INPUT DATA

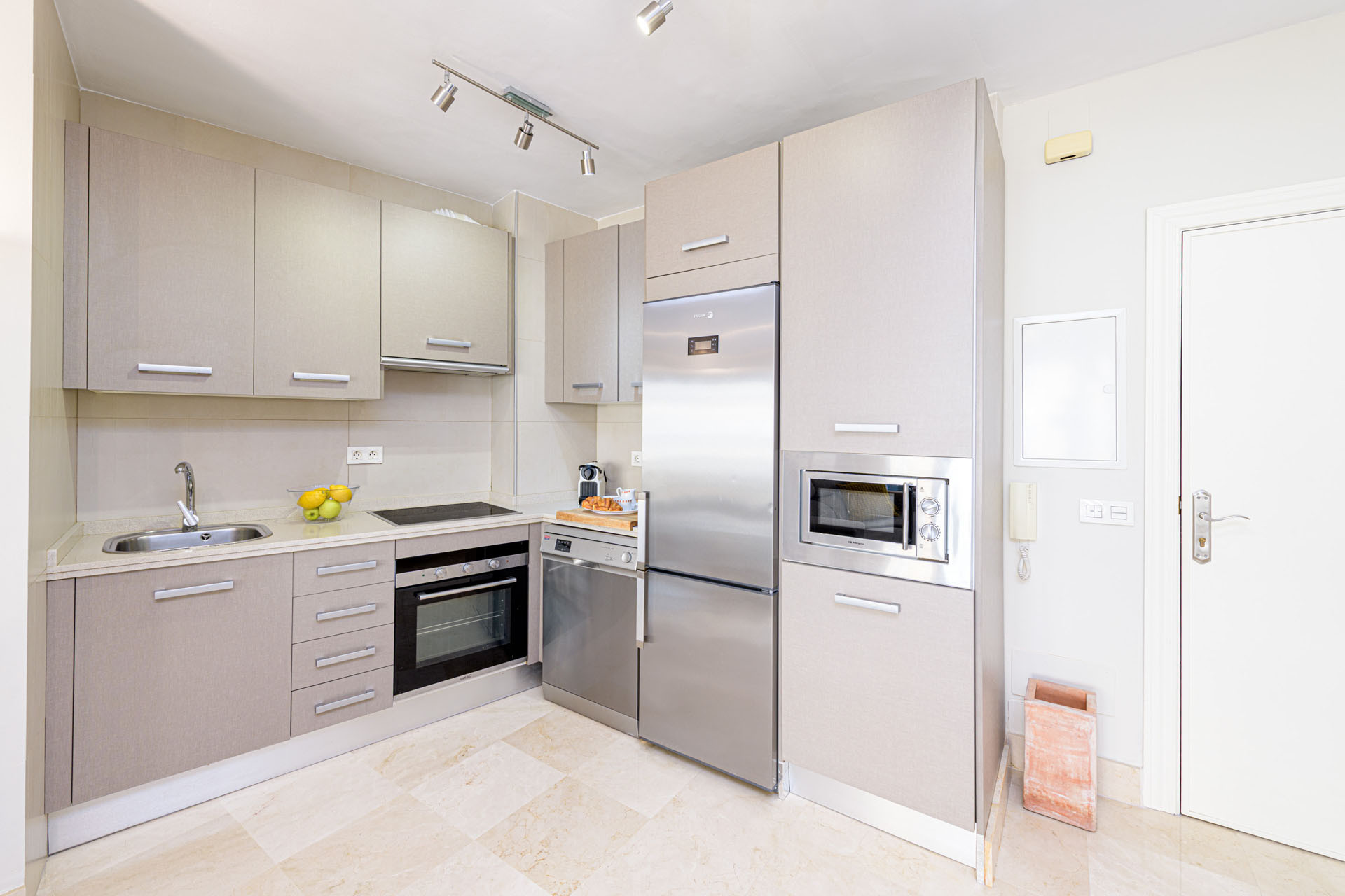 Det moderne amerikanske køkken er en madentusiastens drøm, udstyret med førsteklasses apparater, herunder et induktionskomfur, køleskab, fryseskab, ovn, mikroovn, opvaskemaskine og kaffemaskine. Du vil finde alt køkkengrej, service og små apparater som en brødrister og elkedel til at tilberede lækre måltider.
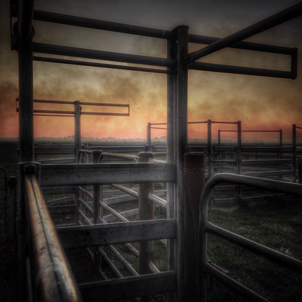 Cattle yards at sunset, made all the redder due to the smoke from distant bushfires.
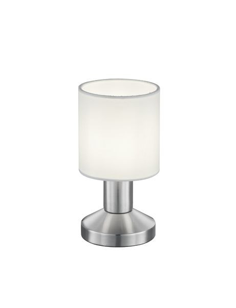 | Kurzbeschreibung | TOUCH-TL GARDA,1xE14,o.LM,|H.18 cm,Nickel matt,Stoffsch.|Weiß,D.9,5cm,On-Off-Touch |

WORK REQUEST
Only the pictures are to be dropped; all other material above must be repeated exactly.

SOLUTION TO THIS TASK
 Det moderne amerikanske køkken er en madentusiastens drøm, udstyret med førsteklasses apparater, herunder et induktionskomfur, køleskab, fryseskab, ovn, mikroovn, opvaskemaskine og kaffemaskine. Du vil finde alt køkkengrej, service og små apparater som en brødrister og elkedel til at tilberede lækre måltider.
 Cattle yards at sunset, made all the redder due to the smoke from distant bushfires.
 | Kurzbeschreibung | TOUCH-TL GARDA,1xE14,o.LM,|H.18 cm,Nickel matt,Stoffsch.|Weiß,D.9,5cm,On-Off-Touch |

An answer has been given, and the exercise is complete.